Copyright Proposals Fail Test of Brevity, Simplicity and Fairness

[This is a guest post, written by Dr Matthew Rimmer -- Abi]

OVER THE past decade, there have been a number of inquiries into the defence of fair dealing under Australian copyright law.

The current Australian Copyright Act 1968 has a defence of fair dealing, which provides protection against claims of copyright infringement. The defence is limited to particular purposes, such as research and study, criticism and review, reporting the news and use for judicial proceedings. The defence of fair dealing has been questioned for lacking clarity and certainty famously, judges of the Federal Court of Australia could not agree on whether The Panel's use of Channel Nine segments constituted a fair dealing in particular cases. The defence has also failed to keep up with technological and cultural developments.

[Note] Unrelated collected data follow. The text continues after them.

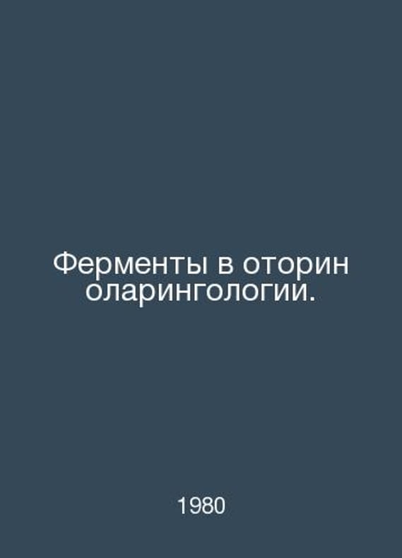 Enzymes in otolaryngology. In Russian /Fermenty v otorinolaringologii. Kyiv 1980.Contact us for details or to request photos of available books. Delivery of this book could take longer than normal due to additional handling time before shipping, and no rush delivery options are available. Please let us know if you have a specific date by which you need to receive your order.SKUalb999fed737bdb6bfa
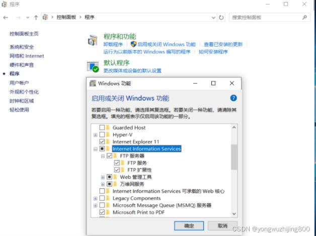 1 為windows開啟ftp功能:控制面板–>程序和功能–>打開或關閉Windows功能
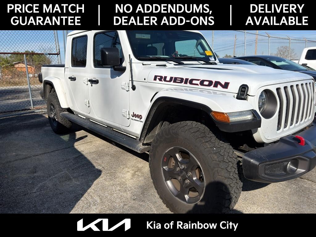 Experience rugged capability and modern comfort with this 2021 Jeep Gladiator Rubicon â€" a true off-road icon ready in Rainbow City, AL. Powered by a robust 3.6L V6 gasoline engine and equipped with 4WD, this Jeep Gladiator Rubicon delivers confidence on pavement and trails alike. Built for adventure, the Rubicon trim adds heavy-duty axles, locking differentials and an off-road tuned suspension so you can tackle rough terrain without sacrificing daily drivability. This Jeep Gladiator features Android Auto for seamless smartphone integration, easy-to-follow Navigation, and a Back-Up Camera plus Rear Parking Sensors to make parking and hitching a trailer effortless. Adaptive Cruise Control adds highway convenience for longer journeys, while the well-appointed interior keeps you comfortable mile after mile. Whether you're heading to the mountains or running errands around town, this Jeep Gladiator Rubicon combines utility and tech in a distinct, muscular package. The versatile truck bed and removable top let you tailor every trip to your style. Located in Rainbow City, AL, this Jeep Gladiator is priced to move â€" offering the best price in the area for a Rubicon with this equipment and condition. Don't miss your chance to own a capable, tech-forward Jeep Gladiator Rubicon at an unbeatable value. Call or visit today to schedule a test drive and see why this 2021 Rubicon is the perfect blend of performance, comfort, and off-road readiness.
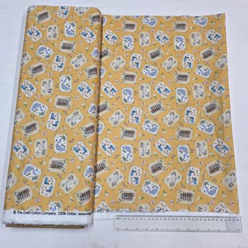 A warm mustard cotton fabric featuring an all-over patchwork-style print of vintage illustrations, florals, and decorative motifs. The rich background and delicate detailing give this fabric a nostalgic, storybook charm—ideal for quilting, accessories, craft projects, and light home décor.
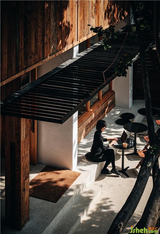 外面是熱鬧的雙廊主街,前院是鮮花簇?fù)淼牟蛷d與酒吧。白墻、舊木、手工瓷磚、干凈的水洗石,這些組成“謝柯”的元素將八旬時代的倉庫和店鋪包裹,構(gòu)成了整個空間情境的織體。東西朝向的院子里,陽光四時變換流連,夕上雙廊酒店設(shè)計使賓至如歸,自由且燦爛。這是謝柯屢次在現(xiàn)場感受、追逐光的蹤跡,然后記錄下來,從而讓光在空間里舞蹈的結(jié)果。
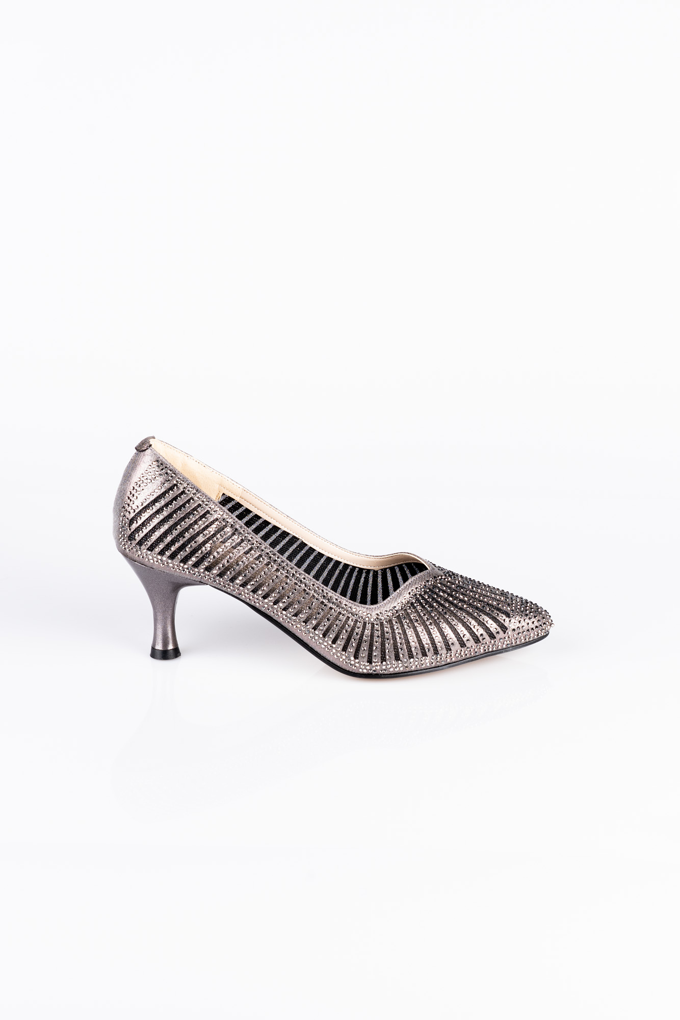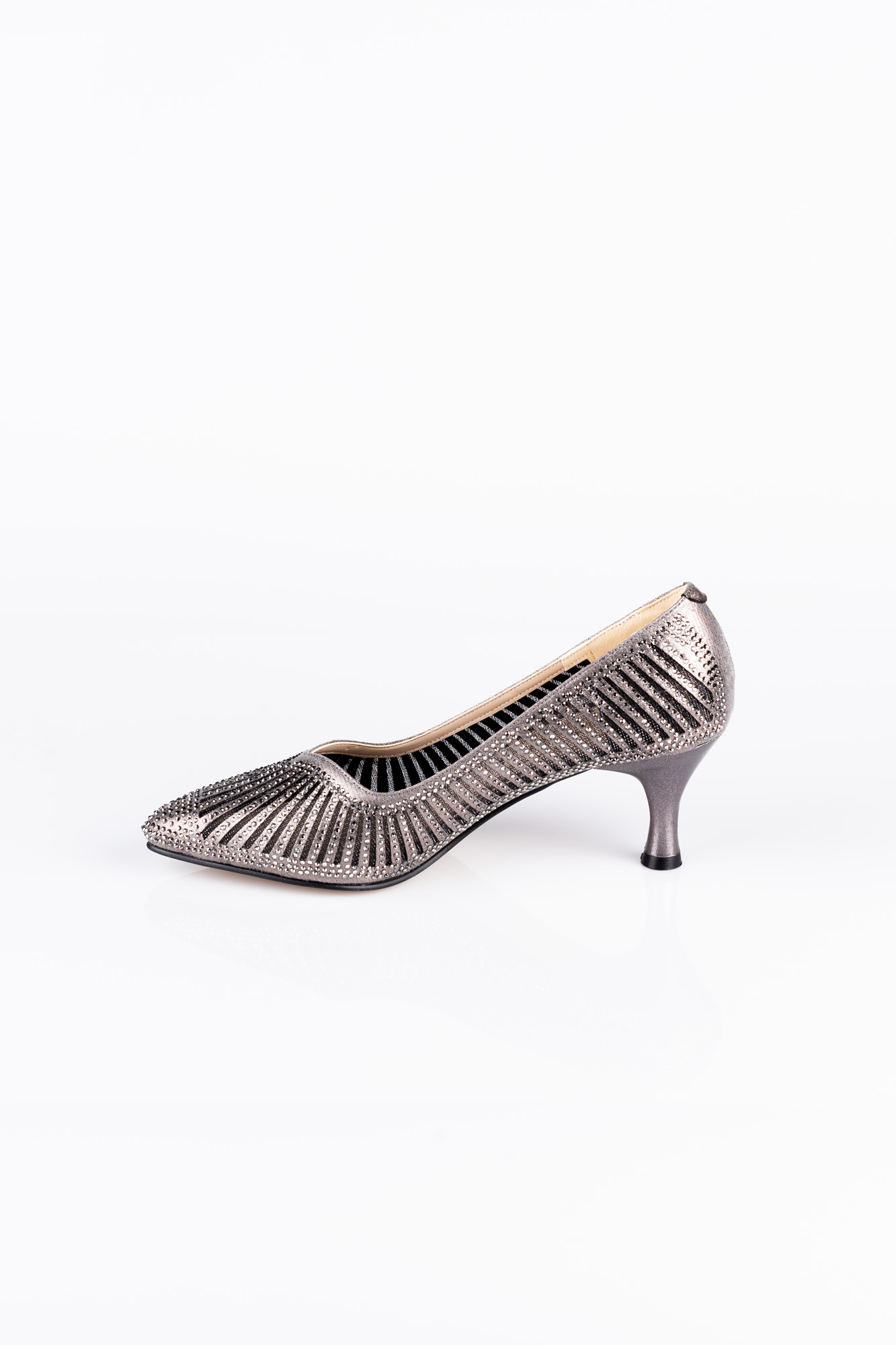 Platin Taşlı Stiletto Abiye Ayakkabı MJ5151

At long last, the Attorney-General, Philip Ruddock, has introduced the hefty 219-page Copyright Amendment Bill 2006 into Parliament, declaring, ''The Government is committed to dealing with these challenges to copyright head-on, while seeking to also acknowledge the opportunities technology presents. We want laws in place which mean copyright pirates are penalised for flouting the law whilst ordinary consumers are not infringing the law through everyday use of copyright products they have legitimately purchased.'' The legislation has three main features. It introduces a range of miscellaneous exceptions to copyright infringement, provides for the stronger protection of digital copy protection and access codes demanded by the Australia-United States Free Trade Agreement, and will provide a wider array of civil and criminal remedies for copyright owners.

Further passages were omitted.